> EXERCISE DIRECTIONS: Using the listing below, copy exactly the lines from the one containing "4.下図の入力項目が表示されますので、手順2で控えた内容を選択します。" to the one containing "11&MIDdot;11即将", both lines included, and no others.

+++ INFORMATION

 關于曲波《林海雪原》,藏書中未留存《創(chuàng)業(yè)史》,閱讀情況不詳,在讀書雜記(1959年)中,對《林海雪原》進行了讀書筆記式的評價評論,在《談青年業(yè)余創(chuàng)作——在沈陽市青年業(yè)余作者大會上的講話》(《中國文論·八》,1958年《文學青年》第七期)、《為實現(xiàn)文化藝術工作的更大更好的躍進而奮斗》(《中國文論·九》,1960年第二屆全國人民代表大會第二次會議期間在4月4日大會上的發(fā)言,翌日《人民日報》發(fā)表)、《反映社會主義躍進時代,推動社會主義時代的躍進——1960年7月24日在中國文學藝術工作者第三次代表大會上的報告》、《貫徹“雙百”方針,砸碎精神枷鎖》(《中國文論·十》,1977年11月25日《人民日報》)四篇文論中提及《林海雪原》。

++++++
+++ INFORMATION

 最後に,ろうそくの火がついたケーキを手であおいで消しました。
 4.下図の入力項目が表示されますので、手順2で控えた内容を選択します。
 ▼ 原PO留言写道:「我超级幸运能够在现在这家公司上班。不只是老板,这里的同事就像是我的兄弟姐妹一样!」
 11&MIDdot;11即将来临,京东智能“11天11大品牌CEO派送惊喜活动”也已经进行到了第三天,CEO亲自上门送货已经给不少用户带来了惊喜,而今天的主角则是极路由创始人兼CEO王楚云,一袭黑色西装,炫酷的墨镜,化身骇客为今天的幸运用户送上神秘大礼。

++++++

> EXERCISE RESULT:
 4.下図の入力項目が表示されますので、手順2で控えた内容を選択します。
 ▼ 原PO留言写道:「我超级幸运能够在现在这家公司上班。不只是老板,这里的同事就像是我的兄弟姐妹一样!」
 11&MIDdot;11即将来临,京东智能“11天11大品牌CEO派送惊喜活动”也已经进行到了第三天,CEO亲自上门送货已经给不少用户带来了惊喜,而今天的主角则是极路由创始人兼CEO王楚云,一袭黑色西装,炫酷的墨镜,化身骇客为今天的幸运用户送上神秘大礼。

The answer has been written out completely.